Data excerpt:

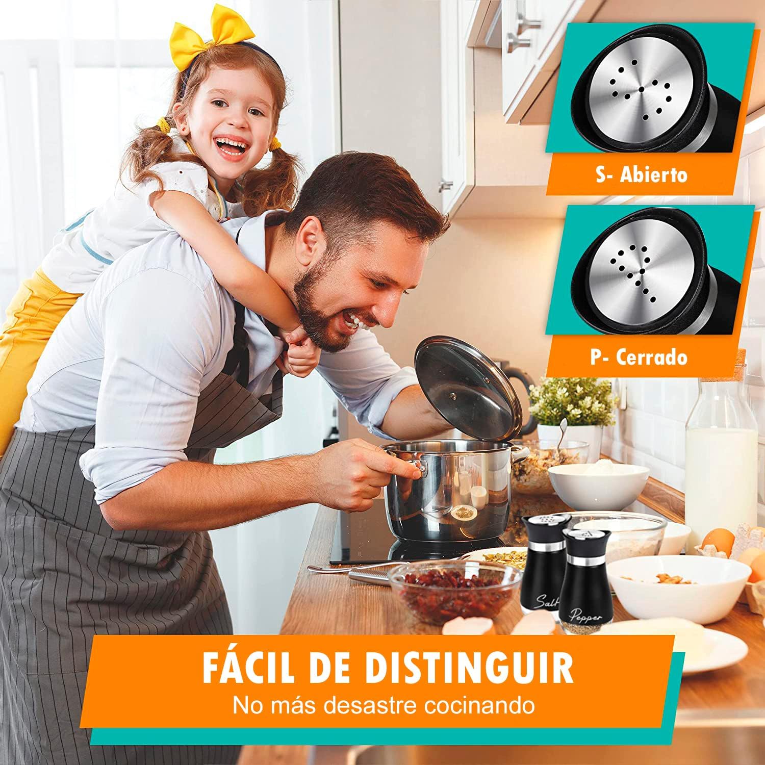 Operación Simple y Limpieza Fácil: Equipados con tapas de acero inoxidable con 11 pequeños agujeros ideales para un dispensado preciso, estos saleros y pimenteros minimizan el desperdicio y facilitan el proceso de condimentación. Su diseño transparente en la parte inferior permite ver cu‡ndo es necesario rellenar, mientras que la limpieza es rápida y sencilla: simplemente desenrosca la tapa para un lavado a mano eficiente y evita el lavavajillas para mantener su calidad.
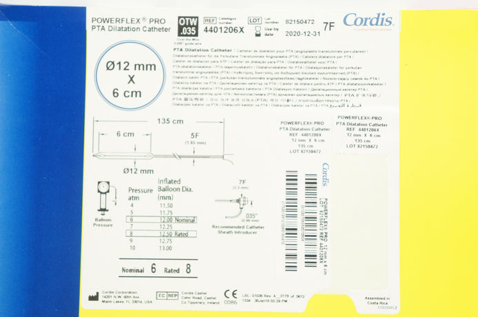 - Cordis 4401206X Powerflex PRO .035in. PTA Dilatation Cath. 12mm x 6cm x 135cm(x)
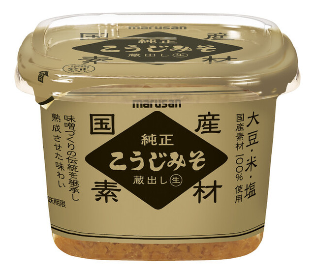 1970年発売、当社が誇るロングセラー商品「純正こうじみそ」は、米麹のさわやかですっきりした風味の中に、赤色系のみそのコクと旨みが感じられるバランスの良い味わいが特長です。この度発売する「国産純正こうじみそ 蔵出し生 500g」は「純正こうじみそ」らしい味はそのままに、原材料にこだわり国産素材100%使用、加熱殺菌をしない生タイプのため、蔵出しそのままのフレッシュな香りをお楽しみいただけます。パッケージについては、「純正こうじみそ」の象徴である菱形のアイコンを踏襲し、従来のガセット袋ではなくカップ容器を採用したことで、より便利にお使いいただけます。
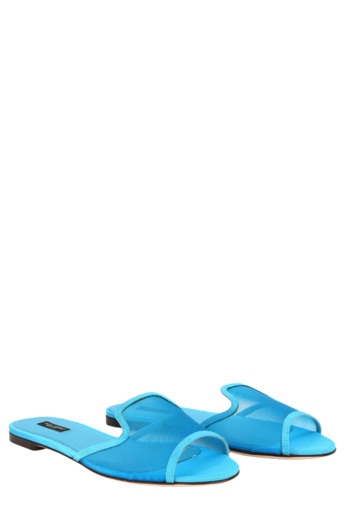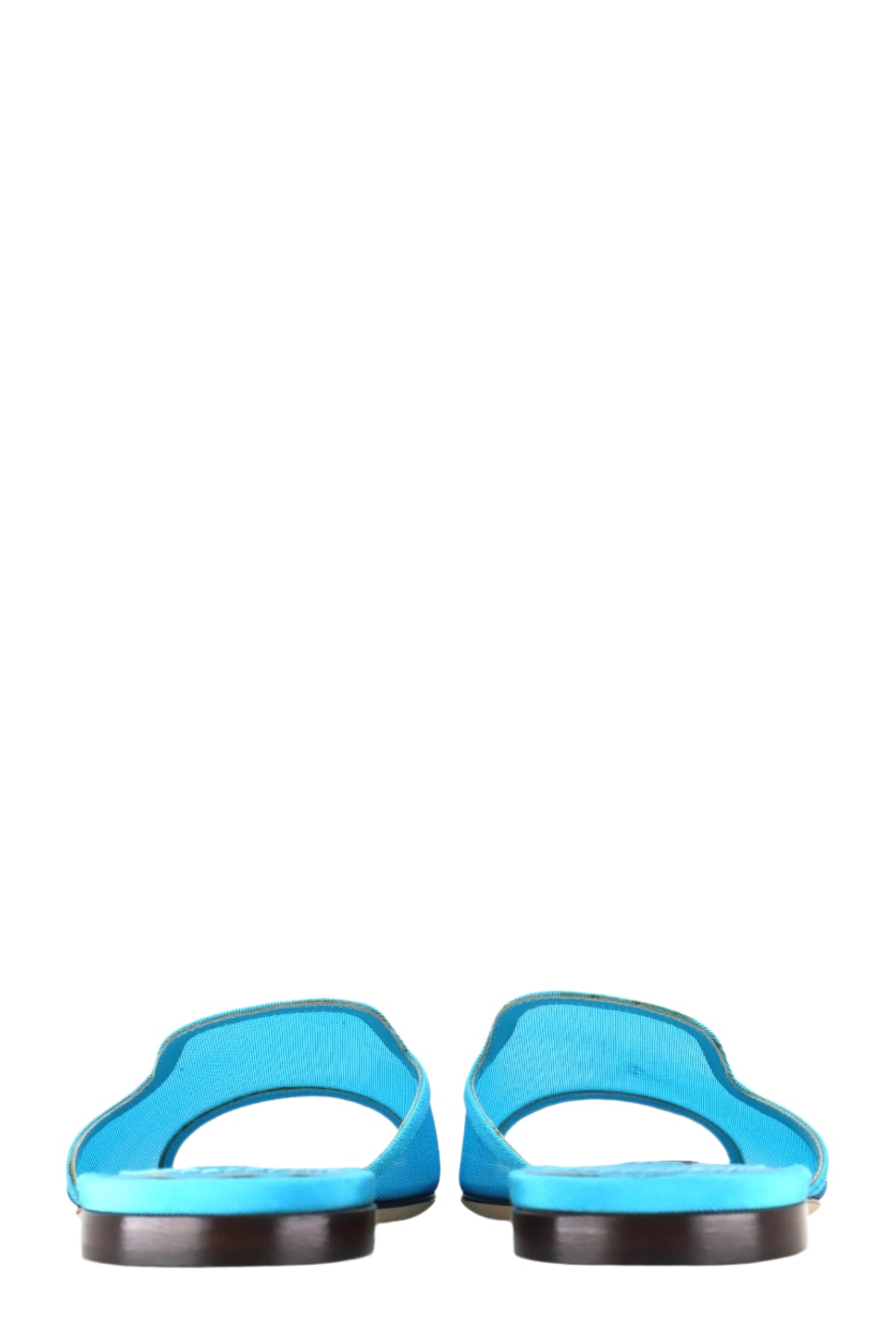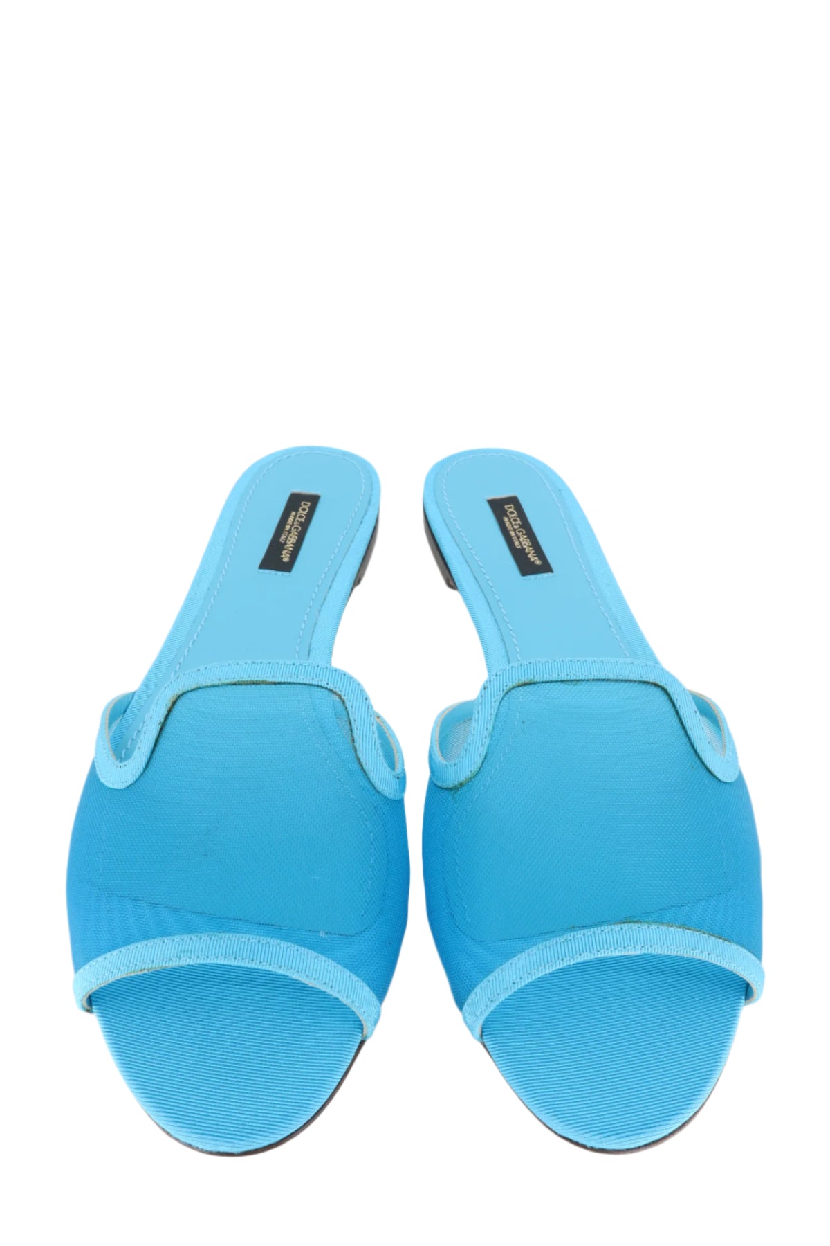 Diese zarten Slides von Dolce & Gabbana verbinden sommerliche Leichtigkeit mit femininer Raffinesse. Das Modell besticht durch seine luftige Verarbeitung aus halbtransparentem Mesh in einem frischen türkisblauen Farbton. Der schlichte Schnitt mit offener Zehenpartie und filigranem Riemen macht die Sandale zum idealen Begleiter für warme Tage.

What to work on: Your output should be the lines from the one with "- Cordis 4401206X" through the end of the listing, copied exactly and with the pictures left out.

Problem solution:
 - Cordis 4401206X Powerflex PRO .035in. PTA Dilatation Cath. 12mm x 6cm x 135cm(x)
 1970年発売、当社が誇るロングセラー商品「純正こうじみそ」は、米麹のさわやかですっきりした風味の中に、赤色系のみそのコクと旨みが感じられるバランスの良い味わいが特長です。この度発売する「国産純正こうじみそ 蔵出し生 500g」は「純正こうじみそ」らしい味はそのままに、原材料にこだわり国産素材100%使用、加熱殺菌をしない生タイプのため、蔵出しそのままのフレッシュな香りをお楽しみいただけます。パッケージについては、「純正こうじみそ」の象徴である菱形のアイコンを踏襲し、従来のガセット袋ではなくカップ容器を採用したことで、より便利にお使いいただけます。
 Diese zarten Slides von Dolce & Gabbana verbinden sommerliche Leichtigkeit mit femininer Raffinesse. Das Modell besticht durch seine luftige Verarbeitung aus halbtransparentem Mesh in einem frischen türkisblauen Farbton. Der schlichte Schnitt mit offener Zehenpartie und filigranem Riemen macht die Sandale zum idealen Begleiter für warme Tage.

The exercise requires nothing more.